The Man, The Monster & His Lovers

"To you alone I've told the tale, do with it what you will," concludes the narrator of the A.M. Homes novel, The End of Alice. Granted, he is a rather unreliable source - you begin to question his knowledge, his ability to tell two sides of a story - the ongoing tale of a young college girl who starts a sexual adventure with a 12-year-old boy - and his own lustful, murderous tale of how he landed himself in prison for the last 23 years.

Much like Humbert Humbert, the narrator - and child lover of the still controversial novel, Lolita (anyone who thinks that is the bottom of the pit clearly hasn't read The End of Alice, or anything by the Marquis de Sade) - the narrator of this tale, whose name is unknown, though he is called Chappy by an old acquaintance upon his only visitation, is very informed, well educated and sticks to a strict set of rules. Unlike his counterpart, however, he doesn't make any attempt to hide his monstrosity by making up excuses for his depraved sexual desires of young prepubescent girls - they're on the brink of adolescence; I don't know if we can call this prepubescent.

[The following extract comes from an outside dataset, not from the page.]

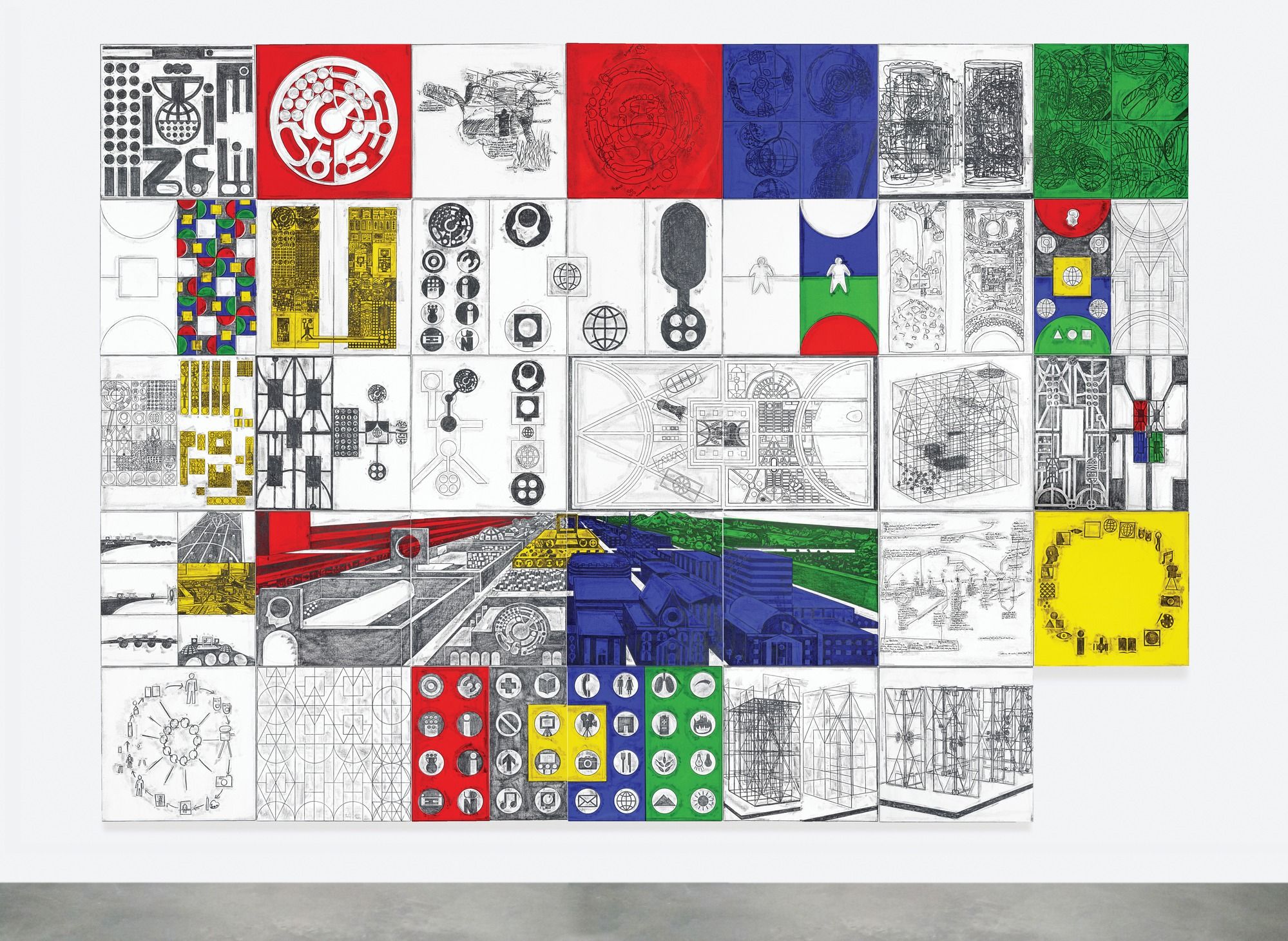 The final immersion in his filmed performance was rendered all the more gripping by the artist in front of us interacting with his video-ed self, and seeming to slip into a parallel state of hypnosis before our eyes. All in all, a most stimulating way to spend a rainy Sunday afternoon, with Mullican signing off by reminding us that “the mind is a muscle”—having given all of ours a very comprehensive workout.

The story begins through correspondence between the unknown narrator and the unknown college student, who is home for the summer, staying with her parents. She openly admits her desire for a certain 12-year-old boy who lives in the city, and whom she has been stalking for two years. (The only important names we learn in the story are both victims - Matthew and Alice.)  As the story progresses, the narrator is both in love and annoyed by his "student," at times comparing her to Alice - even thinking she is Alice at times. 

A.M. Homes's powerful narrative shines the light upon the most commonly misunderstood individual, all the while never showing mercy - from the beginning to the end, despite his weaknesses, we do not see the man a tormented, a victim of his lusts, but as a monster tormented. 

"I'm not afraid of you anymore, I'm more afraid of myself," the girl ends her correspondence with the child lover, turned child murderer. Much like our narrator, we see that the girl is heading in a similar direction of torture, an attempt to free herself from herself.